現在、ロシア政府などでもカラー電子ペーパー製品を試験的に使用を開始しており、本格化すれば大きな市場となるだろう。教科書の印刷・製本・配布コストを低減し、教育内容を現代化するという教育情報インフラに関するイニシアティブは、世界的なものであり、これまでの商業出版市場とは異なった普及パターンとなると考えられる。iSuppliは、クァルコムのMirasolを初めとするカラー電子ペーパー製品が「ゲーム・チェンジャー」となる可能性があるとしながらも、この数年に限れば不透明、としている。

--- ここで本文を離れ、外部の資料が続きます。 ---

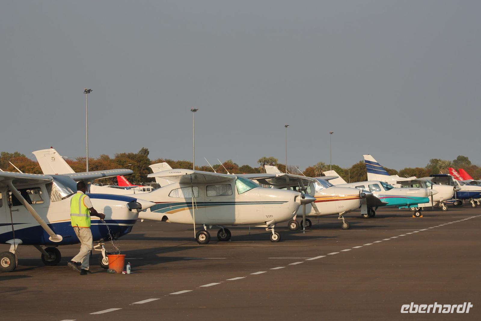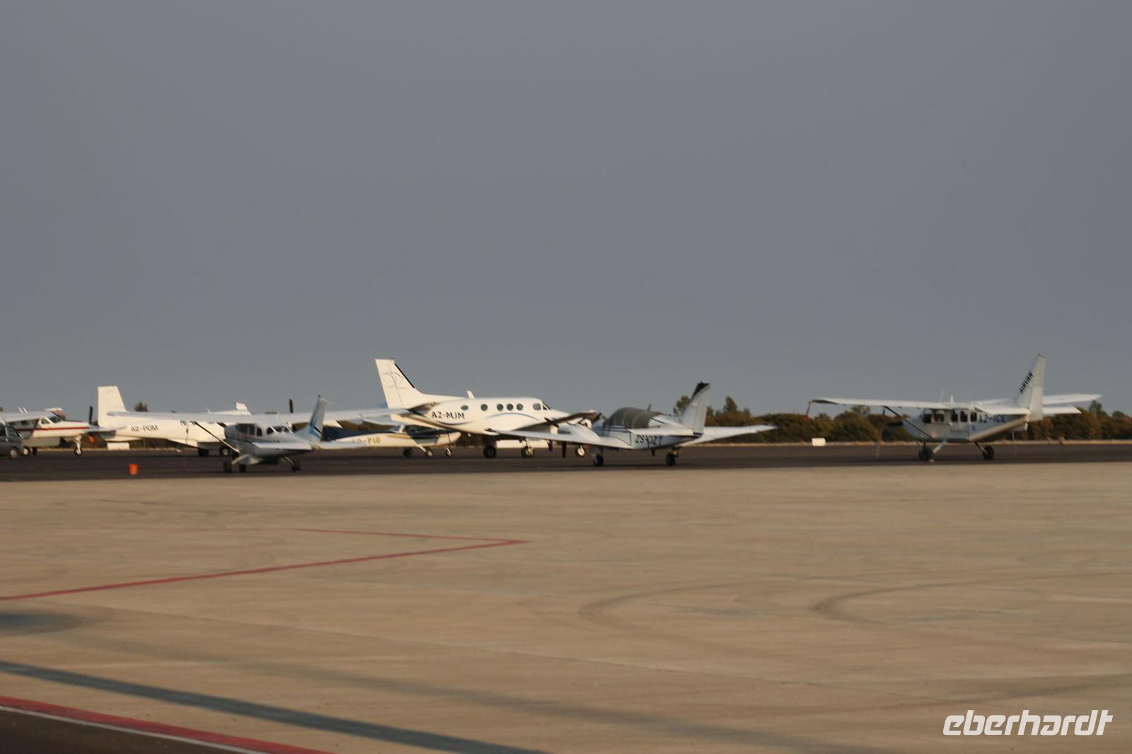 Einige von uns, die „Nichtflieger", müssen heute schon sehr zeitig aufstehen, denn Sie fahren bereits um 06:00 Uhr gemeinsam mit Tom, zwei Jeeps und zwei Rangern in Richtung Okavenga-Delta. Für eine Marschverpflegung ist natürlich gesorgt. Wie wir später erfahren war der Weh sehr beschwerlich und durch die doch etwas kalten Temperaturen nicht gerade einfach, aber Sie hatten in jedem Fall Ihren Spaß und haben auch einige Tiere unterwegs gesehen. Alle anderen treffen sich um 06:30 Uhr zum Frühstück und fahren anschließend mit Chris und Vicky zum nationalen Flughafen von Maun. Hier angekommen und freundlich von Kühen empfangen, erhalten wir mit unseren Reisepässen unsere Flugtickets und begeben uns anschließend mit unserem Piloten zur Sicherheitskontrolle für unseren 45-minütigen Flug über das Delta. Die Taschen sind schnell kontrolliert und so fliegen wir gegen 08:00 Uhr über das Delta, ein einmaliges Erlebnis. Alle Gäste haben einen Fensterplatz und so können wir vorbeiziehende Tiere wie Elefanten, Giraffen und Hippos sowie die Schönheit des Deltas aus der Luft betrachten. Unser „hübscher" Pilot bringt uns sicher zu unserem Landeplatz, wo wir von den „Durchgefrorenen Talibanen" schon erwartet werden. Wir genießen noch einen Kaffee oder Tee bevor wir zur gemeinsamen Pirsch durch das Moremi Reservat starten. Wir erkunden den Park in zwei Teams. Auf unserem Weg sehen wir einige Giraffen, Impalas und ein paar Kudus. Die andere Gruppe hat soviel Glück und sieht sogar einen Leoparden aus nächster Nähe. An einem schattigen Plätzchen unter einem Baum machte es sich der zu den „Big Five" gehörende Gefährte gemütlich und setzte zur Jagd an. Auch sein Baby sah man kurze Zeit später über das Buschfeld spazieren und so kommen einige Gäste den „Big Five" immer näher. Aber wir sagt man so schön: Abgerechnet wird immer zum Schluss. Leider sah die andere Gruppe den Leopard nicht, aber noch ist nicht aller Tage Abend. Gemeinsam „pirschen" wir weiter und sehen kurze Zeit später viele Giraffen, Zebras und am Wasser sogar unzählige Hippos und viele Elefanten. Auch den seltenen Sattelstorch und Hammerkopf sehen wir. Schon jetzt wieder ein gelungener Tag. Unser Picknick nehmen wir inmitten des Reservats ein und genießen wunderbaren Salat, Brötchen mit Wurst und Käse und viele andere kleine Köstlichkeiten. Wir sehnen auch einige Affen, die sich auf dem Baum über uns tummeln und uns ständig beobachten. Nach einer Stärkung fahren wir noch ein wenig durch den Park vor allem auf der Suche nach Löwen, die hier auch zu Hause sind. Leider sehen wir diese nicht. Die andere Gruppe nutzt in der Zwischenzeit die Gelegenheit um ein Löwenbild zu bekommen, welches nicht der Wahrheit entspricht, aber täuschend echt aussah. So glaubten wir, dass Sie heute Leopard und Löwe gesehen haben. Später stellte sich allerdings heraus, dass Tom keine Versuchung auslässt um uns auf den „Arm" zu nehmen und so stellten wir erst später fest, dass dieser Löwe nur abfotografiert war. Aber eine Revanche wird sicher folgen J Nach einer atemberaubenden Pirsch treten wir am späten Nachmittag unsere Heimreise in Richtung Maun an. 100 Kilometer Schotterpiste im offenen Fahrzeug erwarten uns. Eingemummelt machen wir uns auf den Weg und erreichen ein paar Rückenschmerzen später wieder unsere „Maun Lodge". Die Fahrer haben Ihren Job heute fantastisch gemacht und werden auch entsprechend belohnt. Nach so vielen Eindrücken, genießen wir wieder ein tolles Abendessen vom Buffet und freuen uns auf den nächsten Tag. Außerdem erfahren wir, was sich den Nachttischen der Mitreisenden befindet und was man in Hotelzimmern noch so alles vorfinden kann.

E-Readerは、これまで「読書端末」というイメージが強く、あまり注目されてこなかった。特に本を買うことの少ない日本では、その市場性さえも十分に評価されてきたとは言えない。しかし、タブレットがそうであるように、E-Readerも数年で底を見せるような市場ではない。市場も用途も複数存在し、まだ十分に開拓されていない。現在見えているのはほんの一部に過ぎないのである。その点については、別の記事で検討しているので、参照していただきたい。 ◆ (鎌田、12/21/2011)
参考記事
- E-Readerが5年以内に飽和しない3つの根拠(♥) [本号=会員向け記事]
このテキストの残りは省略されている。